OPERATION BARKHANE - L’Atlantique 2 en renfort

Publié le 18 Octobre 2021 à 16:26

© EMA

L’Atlantique 2 (ATL2) est un avion de patrouille maritime de la Marine nationale conçu initialement pour la lutte anti sous-marine. Cependant, ses capacités de détection, de communication, de renseignement et d’attaque sont depuis de nombreuses années régulièrement exploitées sur terre et plus particulièrement en Bande sahélo-sahélienne (BSS). Ainsi, l’ATL2 a de nouveau rejoint ce théâtre d’opérations, qu’il avait quitté il y a quelques mois, pour renforcer le dispositif aérien sur la Base aérienne projetée (BAP) de Niamey, au profit de la Force Barkhane.

Ses capacités « Intelligence, surveillance et reconnaissance » (ISR) contribuent au dispositif de renseignement déployé en BSS. Associé aux drones REAPER et avions de chasse de l’armée de l’Air et de l’Espace, il offre une meilleure couverture du théâtre pour la collecte de renseignement. Grâce à ses nombreux capteurs, l’ATL2 permet d’élaborer précisément la situation au sol, pour appuyer les forces terrestres. Possédant une autonomie d’une dizaine d’heures, il peut couvrir une très grande zone.

Armé de bombes guidées laser, qu’il peut délivrer de façon autonome, l’ATL2 est en mesure d’appuyer la chaîne de ciblage, de la détection d’objectif jusqu’à sa destruction.

Arrivé sur la BAP de Niamey le 20 septembre 2021, cet aéronef a rempli sa première mission opérationnelle sur le théâtre en appui avec la Task Force Takuba, moins de 48 heures après son déploiement. Renfort ponctuel régulièrement engagé au Sahel, il y restera déployé pendant plusieurs mois.

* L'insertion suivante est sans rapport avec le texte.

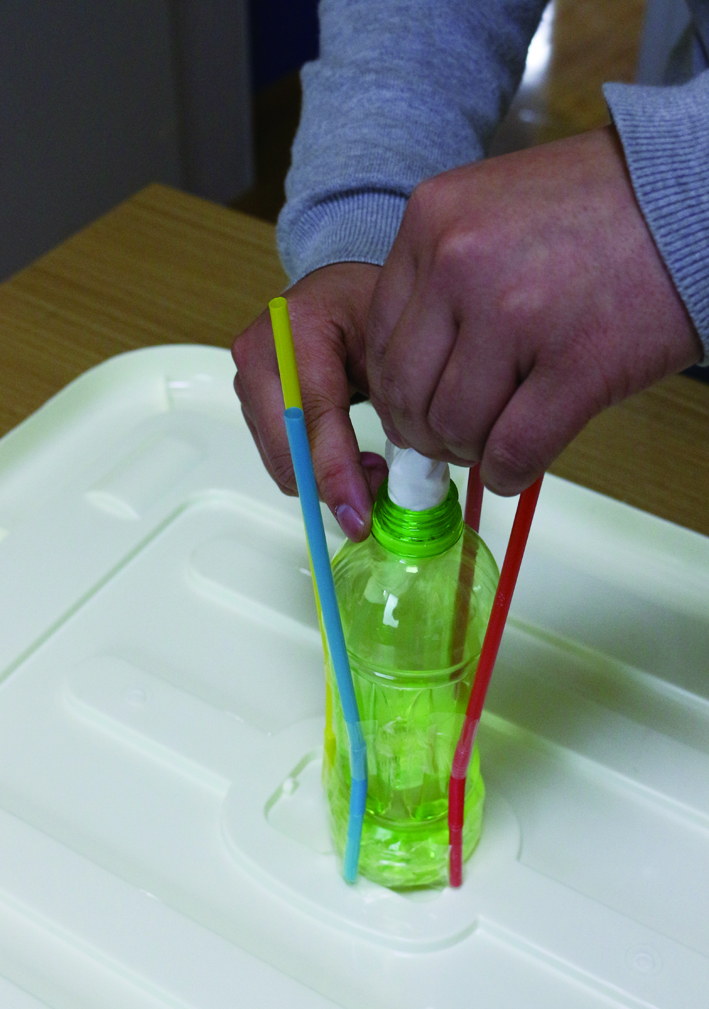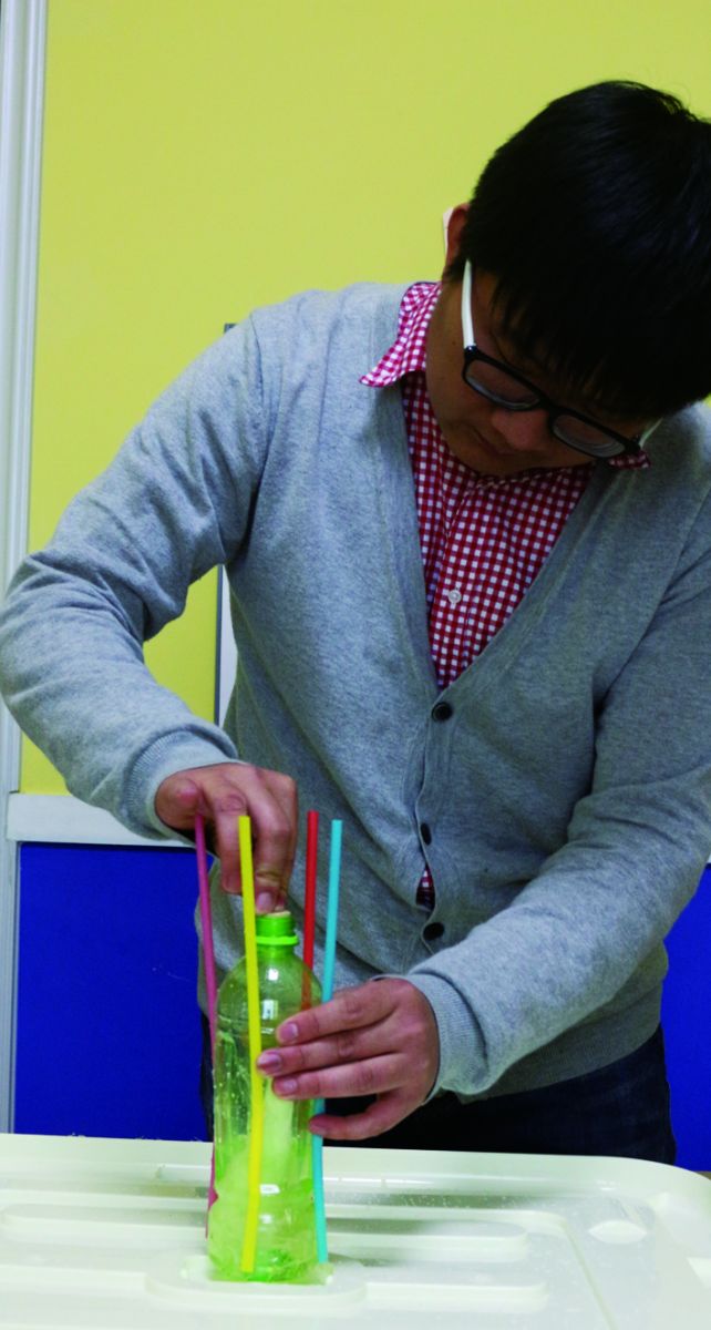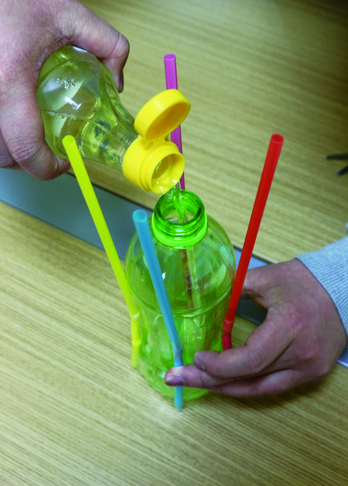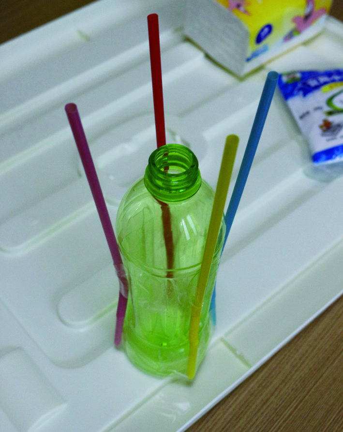 实验步骤: 1.用胶带将四根塑料软管粘贴在塑料瓶的四周,让四根塑料管的两端保持齐平。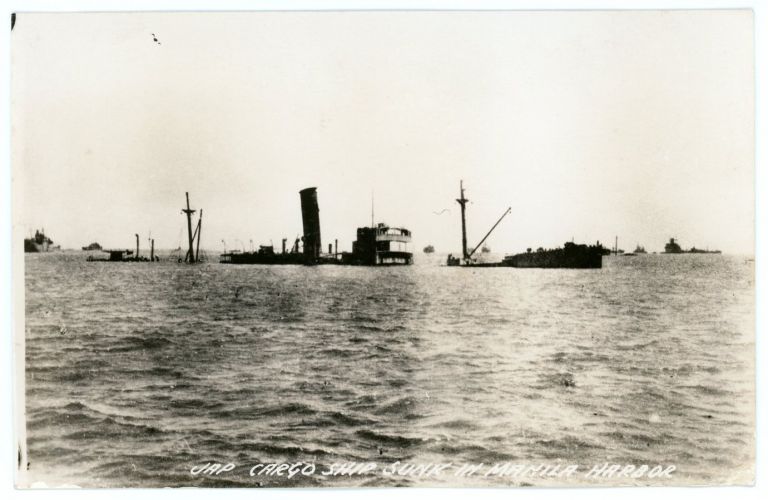 Jap [Japanese] cargo ship sunk in Manila harbor.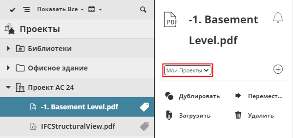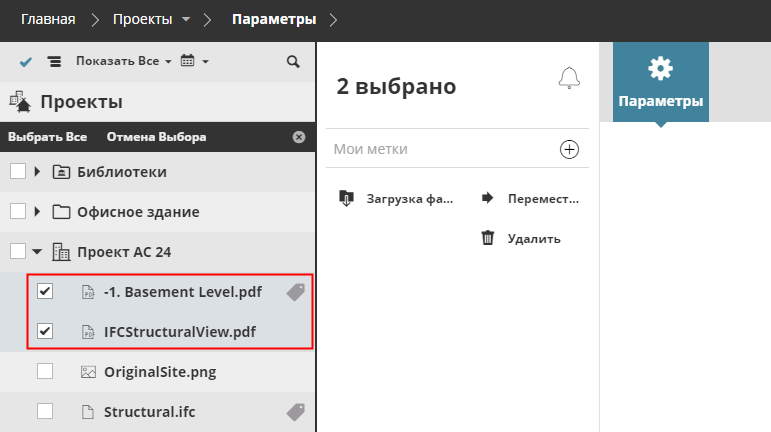 Элементы, которым можно назначить метки, отображаются на странице Проектов. К ним относятся: Проекты Teamwork, Проекты BIMcloud, Библиотеки, папки и загруженные файлы.

Conduite par les armées françaises, en partenariat avec les pays du G5 Sahel, l’opération Barkhane a été lancée le 1er août 2014. Elle repose sur une approche stratégique fondée sur une logique de partenariat avec les principaux pays de la bande sahélo-saharienne (BSS) : Burkina-Faso, Mali, Mauritanie, Niger et Tchad. Elle regroupe environ 5 100 militaires dont la mission consiste à lutter contre les groupes armés terroristes et à soutenir les forces armées des pays partenaires afin qu’elles puissent prendre en compte cette menace.